Pitch Advice for Entrepreneurs by Reid Hoffman
- Jinal Sanghavi
- Jun 28
- 2 min read
It's been nearly 20 years since LinkedIn launched jobs and subscriptions as it's first business lines in 2005. Today, LinkedIn is said to have over 1 billion users from 200 countries, 61 million people use LinkedIn to search for jobs weekly, 2 million+ posts/articles/videos published daily. LinkedIn is said to have generated $16 billion in annual revenue in 2024 (Statista).

So, I thought it would be interesting to go back to Reid Hoffman's best contribution to entrepreneurs, his Series B pitch deck to Greylock with his detailed notes.
Detailed note: LinkedIn Pitch to Greylock
Some key highlights:
- The Context or Elevator Pitch: LinkedIn is more than just a recruiting business.
The pitch answered 3 questions really well:
1. What is LinkedIn? The graphic the team chose emphasizes that it is a network of people; 2. Why is it valuable?
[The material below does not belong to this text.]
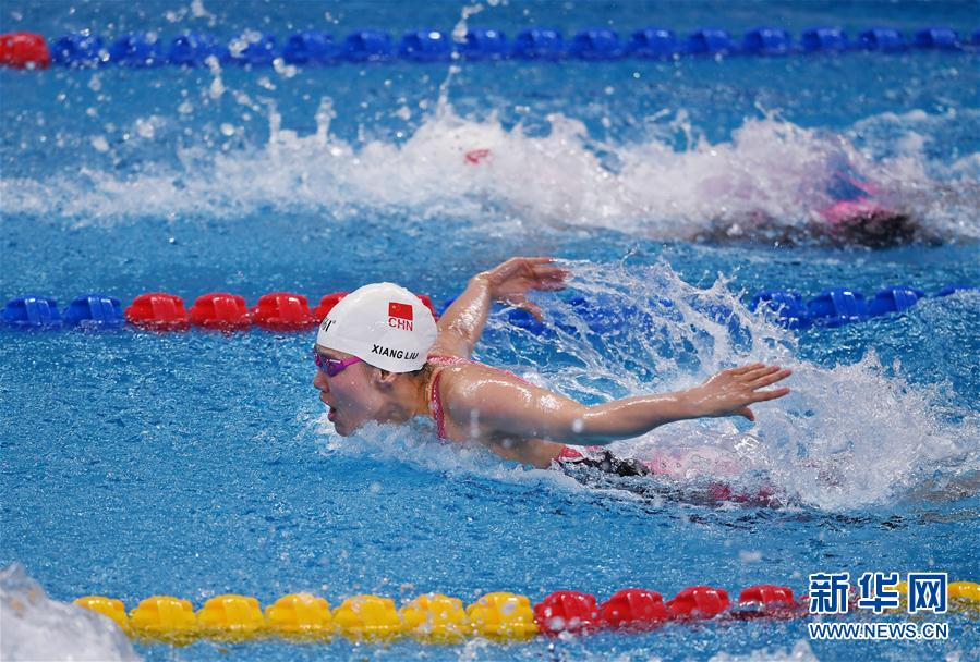 9月29日,刘湘在比赛中。 当日,在青岛举行的2020全国游泳冠军赛暨东京奥运会达标赛女子100米蝶泳预赛中,广东队选手刘湘以1分00秒94的成绩获得第十六名。 新华社记者 李紫恒 摄

Because you can find and contact people you need; 3. How is this different? Because unlike Google search or other means, it involves people you already trust.


- The general rule is one business model drives the business.
LinkedIn back then had no revenue. They listed 3 potential sources (ads, listing, subscriptions). Today, majority of LinkedIn’s revenue comes from an enterprise version of their subscriptions product.
- Show, don’t tell.
The investment thesis for LinkedIn was: A new type of Professional People Search.
1.0: Search and transact via flat directories
2.0: Search and transact via networks
Pitch by analogy. But don't reason by analogy.
Online Payments 1.0: Citibank et al
Online Payments 2.0: PayPal
- Show that you're right, a lot.

In slides 10 and 11, the team compared what they promised in our Series A pitch with what they actually did. Its overdelivery against their Series A predictions provided strong evidence to new investors that they could execute against their plan.
- It’s always better to have less slides, but it’s much more important to have a great deck. A great deck needs to address all important concerns and tell your story effectively. Sometimes, that means setting up a narrative over several slides
- People frequently think the most fundamental strategy of a startup is its product strategy. In fact, the most fundamental strategy is the financing strategy. If your company runs out of gas (finance), your company will die no matter how good your product strategy is. Frequently, the product/service strategy is harder to develop, but the financing strategy should be there first.
- Show decisiveness.
Including specific dates, for example, shows decisiveness. Being decisive doesn’t mean that you have to stick with your decisions. Good investors expect you to iterate often as you figure out what product will grow your market.